── EXCERPTED DATA ──

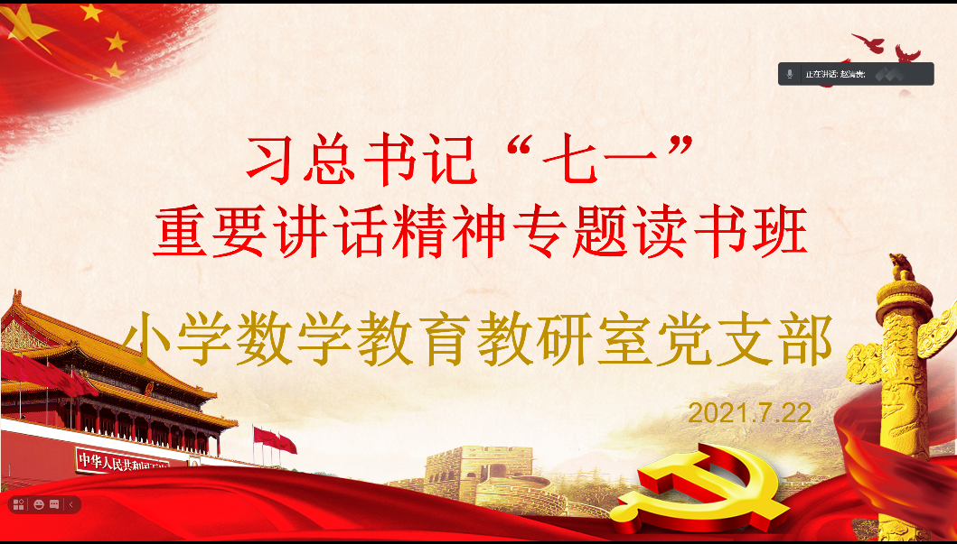 根据中共人妻 党史学习教育领导小组办公室和人妻 党总支的安排,7月22日下午,小学数学教育教研室党支部全体党员通过腾讯会议开展线上学习习近平总书记“七一”重要讲话专题读书班和专题组织生活会活动,会议由党支部书记赵清贵主持。
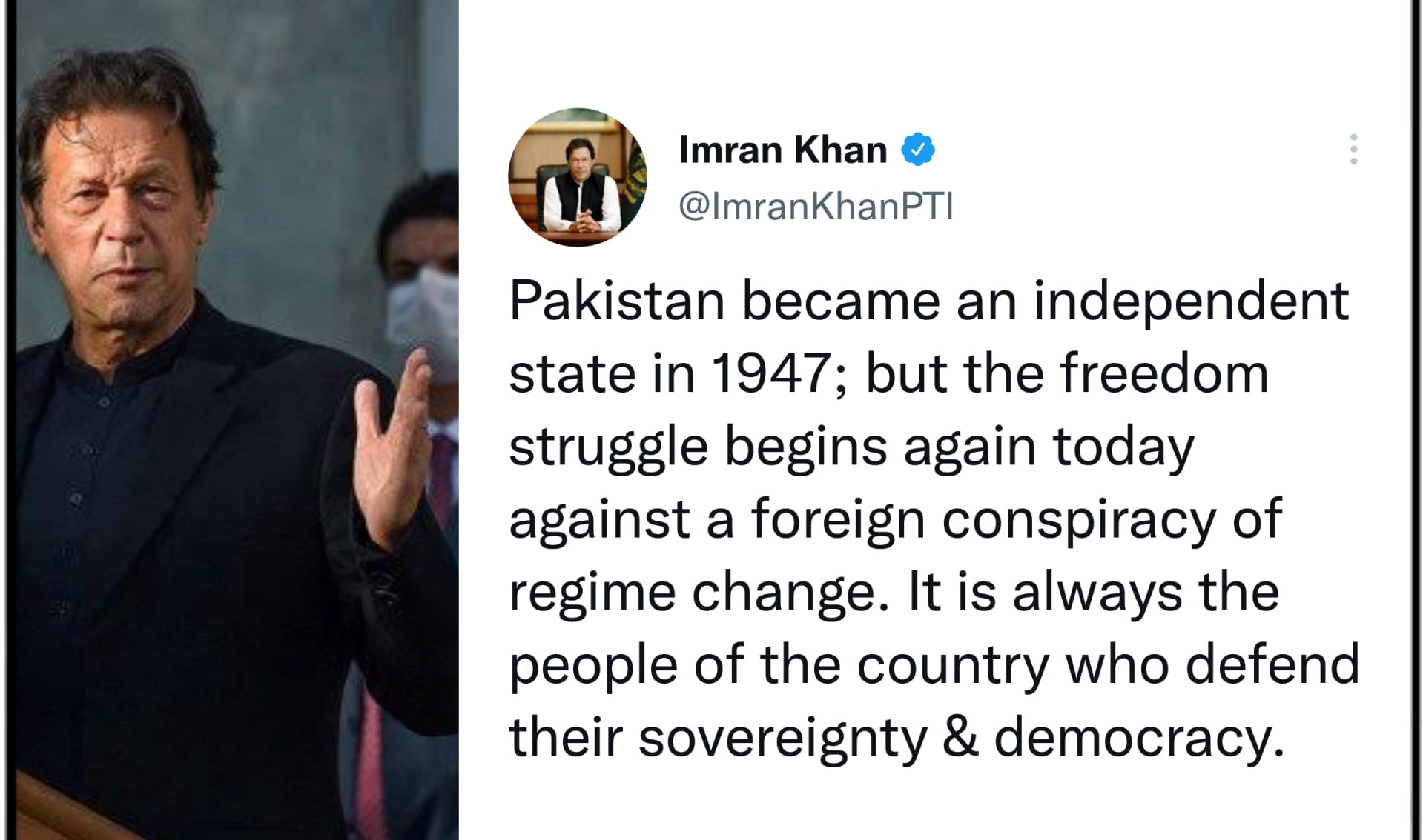 ٹوئٹر پر عمران خان نے لکھا کہ پاکستان 1947ء میں ایک آزاد ریاست بنا لیکن حکومت کی تبدیلی کی غیر ملکی سازش کے خلاف آج پھر سے آزادی کی جدوجہد شروع ہو رہی ہے۔ یہ ہمیشہ ملک کے عوام ہی ہوتے ہیں جو اپنی خودمختاری اور جمہوریت کا دفاع کرتے ہیں۔
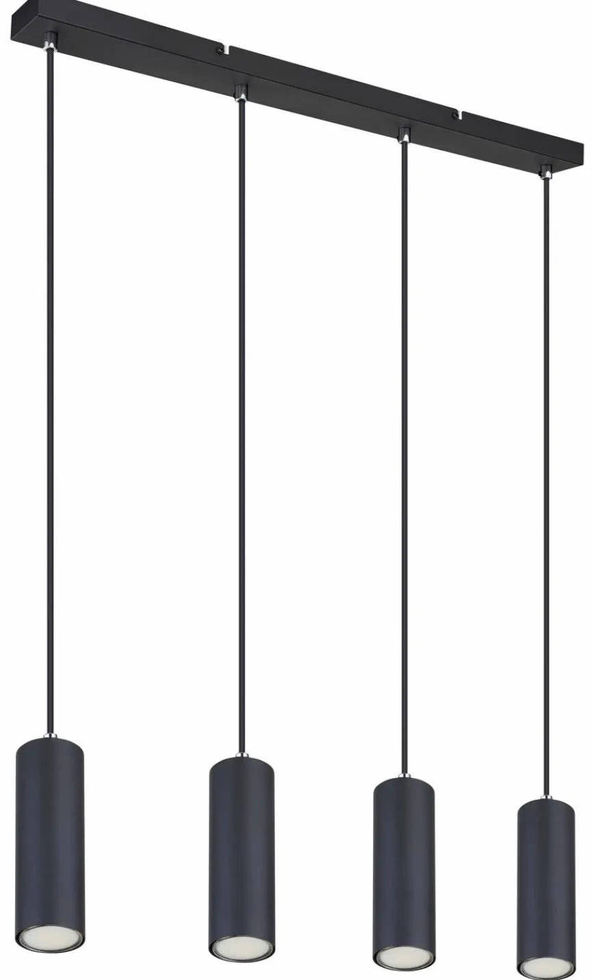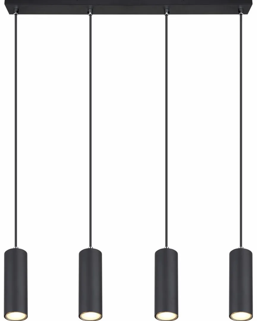 Wenn Sie Ihr Wohn-, Schlaf-, Esszimmer oder Ihre Küche modern eingerichtet haben, eignet sich die zierliche Pendelleuchte Robby der Marke Globo perfekt für Ihr Zuhause. Während der Montage können Sie die feine Pendellampe exakt auf Ihre Wünsche einstellen. Der vier zylinderförmigen Schirme der Pendelleuchte Robby verbergen je eine GU10 Fassung, die an einem Kabel hängt.
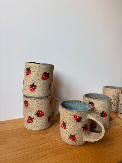 Each piece is unique and no two are the same. Each mug design is hand painted.
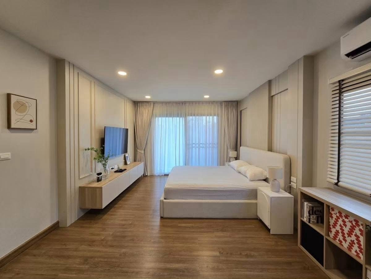 This new detached house project is only 1 kilometer from the Mega Bangna entrance on the Kanchanaphisek Expressway parallel road. House Details✨ Location: Soi 9, next to the U-turn area, providing ample garden space. No other houses opposite. Land Area: 55.5 sq.wah Usable Area: 190 sq.m House Facing: South Parking: 2 cars Bedrooms: 4 Bathrooms: 4 Open Living space: Living room combined with dining room Kitchen: 1 Digital door lock EV Charger installed List of Appliances: TVs: 2 (1 65" & 1 55") Air Conditioners: 6 (in every room) Water Heaters: 4 Microwave: 1 Oven: 1 Electric Stove: 1 Refrigerator: 1 Washing Machine & Dryer: 1 Rental Price: 92,000 THB/month Minimum 1-year contract Price includes gardening, common area fees, and air conditioner cleaning (twice a year). 📌If interested, please contact for more information at Tel/Line/Whats: Contact number (Poy 会中文) 语言溝通: 泰文,英文,中文
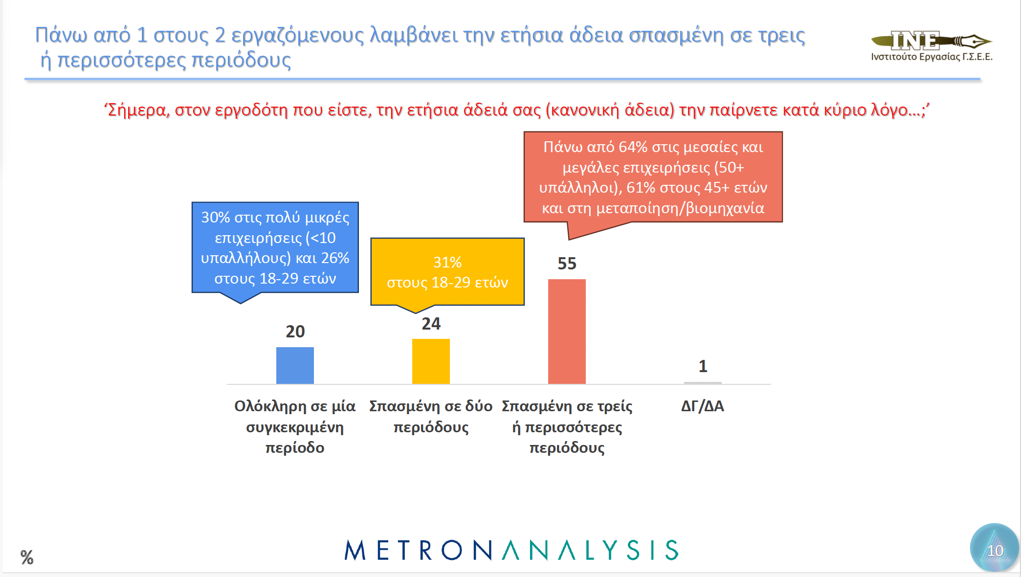 Η λήψη της ετήσιας άδειας συνίστανται κατά κύριο λόγο σε συνεννόηση εργαζομένου-εργοδότη, με το 77% να αναφέρει κοινή απόφαση. Η ευελιξία στην οργάνωση της άδειας συντελεί στην καλύτερη διαχείριση των επαγγελματικών και προσωπικών υποχρεώσεων.
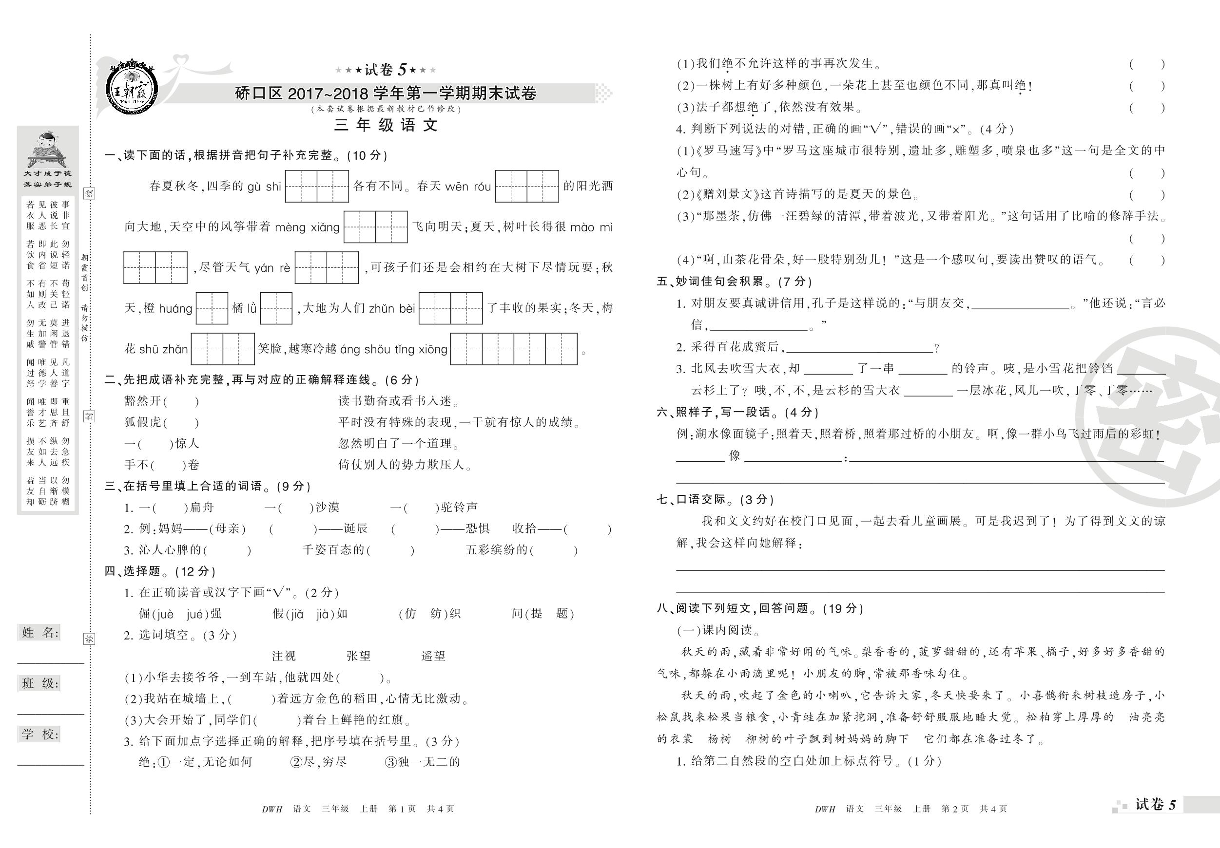 2017-2018学年第一学期武汉市硚口区三年级语文试卷(鄂教版)【5】

───

WORK INSTRUCTIONS
Word for word, write out each of the records, but not the pictures.

OUTPUT FOR THIS TASK
 根据中共人妻 党史学习教育领导小组办公室和人妻 党总支的安排,7月22日下午,小学数学教育教研室党支部全体党员通过腾讯会议开展线上学习习近平总书记“七一”重要讲话专题读书班和专题组织生活会活动,会议由党支部书记赵清贵主持。
 ٹوئٹر پر عمران خان نے لکھا کہ پاکستان 1947ء میں ایک آزاد ریاست بنا لیکن حکومت کی تبدیلی کی غیر ملکی سازش کے خلاف آج پھر سے آزادی کی جدوجہد شروع ہو رہی ہے۔ یہ ہمیشہ ملک کے عوام ہی ہوتے ہیں جو اپنی خودمختاری اور جمہوریت کا دفاع کرتے ہیں۔
 Wenn Sie Ihr Wohn-, Schlaf-, Esszimmer oder Ihre Küche modern eingerichtet haben, eignet sich die zierliche Pendelleuchte Robby der Marke Globo perfekt für Ihr Zuhause. Während der Montage können Sie die feine Pendellampe exakt auf Ihre Wünsche einstellen. Der vier zylinderförmigen Schirme der Pendelleuchte Robby verbergen je eine GU10 Fassung, die an einem Kabel hängt.
 Each piece is unique and no two are the same. Each mug design is hand painted.
 This new detached house project is only 1 kilometer from the Mega Bangna entrance on the Kanchanaphisek Expressway parallel road. House Details✨ Location: Soi 9, next to the U-turn area, providing ample garden space. No other houses opposite. Land Area: 55.5 sq.wah Usable Area: 190 sq.m House Facing: South Parking: 2 cars Bedrooms: 4 Bathrooms: 4 Open Living space: Living room combined with dining room Kitchen: 1 Digital door lock EV Charger installed List of Appliances: TVs: 2 (1 65" & 1 55") Air Conditioners: 6 (in every room) Water Heaters: 4 Microwave: 1 Oven: 1 Electric Stove: 1 Refrigerator: 1 Washing Machine & Dryer: 1 Rental Price: 92,000 THB/month Minimum 1-year contract Price includes gardening, common area fees, and air conditioner cleaning (twice a year). 📌If interested, please contact for more information at Tel/Line/Whats: Contact number (Poy 会中文) 语言溝通: 泰文,英文,中文
 Η λήψη της ετήσιας άδειας συνίστανται κατά κύριο λόγο σε συνεννόηση εργαζομένου-εργοδότη, με το 77% να αναφέρει κοινή απόφαση. Η ευελιξία στην οργάνωση της άδειας συντελεί στην καλύτερη διαχείριση των επαγγελματικών και προσωπικών υποχρεώσεων.
 2017-2018学年第一学期武汉市硚口区三年级语文试卷(鄂教版)【5】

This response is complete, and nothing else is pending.